The news has become intolerable and inhumane. Democracy’s vital feedback mechanism is broken

Julianne Schultz

It is little wonder that people are turning off the news in record numbers. The images are often unwatchable, the descriptions beyond imagining, the scale incomprehensible.

Everywhere you look the cruelty of the human spirit is on display.

Newsreaders have adjusted their scripts. They used to say, “Some viewers might find the next item distressing.” Now it is an unequivocal declaration. “The images are distressing.” They could use other words and still not capture the enormity of what is cascading day after day into the living rooms and on to the screens of those who have not yet opted to turn off. Confronting. Intolerable. Inhumane. Unforgivable.

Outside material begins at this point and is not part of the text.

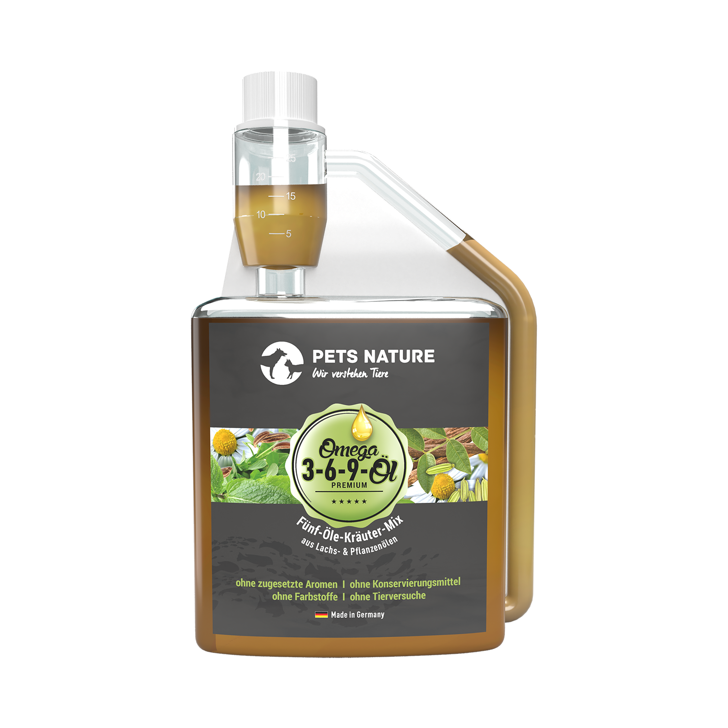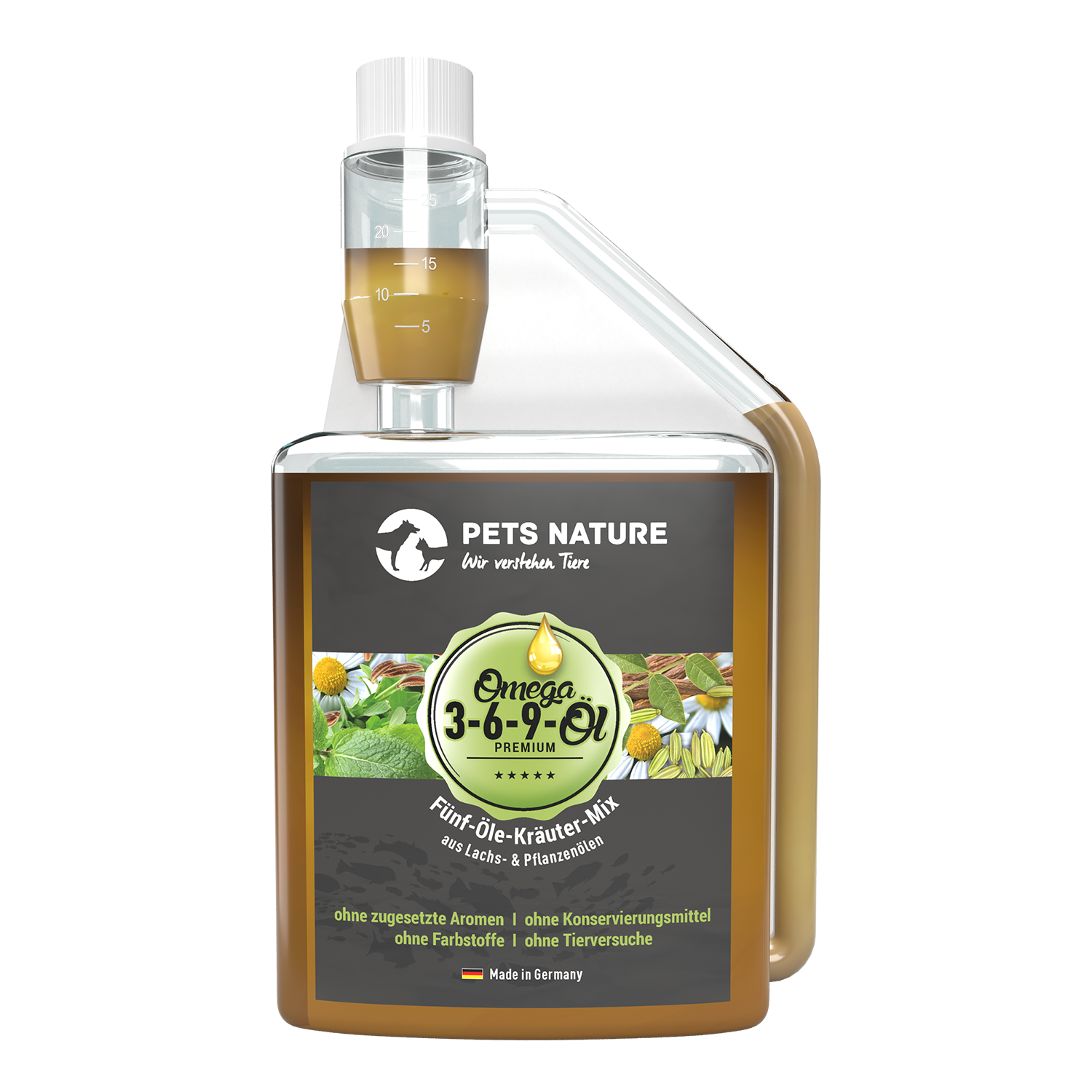 Das PETS NATURE Ölsortiment besteht aus vier hochwertigen Ölen: Lachsöl, Hanföl, Distelöl und Omega 3-6-9 Öl.

The words offer no respite. The cries of those touched by the horror of 7 October and the weeks of reprisals are heartbreaking. Instead, in bulletin after bulletin, screen after screen, it shows the extent of our powerlessness. A third of the population globally actively avoids it, the number of people interested in the news continues to fall.

Information was supposed to make us powerful, but democracy’s essential feedback mechanism has broken. Traditional media lost trust first, but other forms are quickly catching up.

Candlelight vigils and mass rallies offer solidarity, but hate is in the air. Its poison has been on display all year, with unprecedented increases in reports of racism, Islamophobia and antisemitism.

In Australia as public utterances about the Indigenous voice to parliament became less conciliatory, angrier, more dogmatic, they became news…..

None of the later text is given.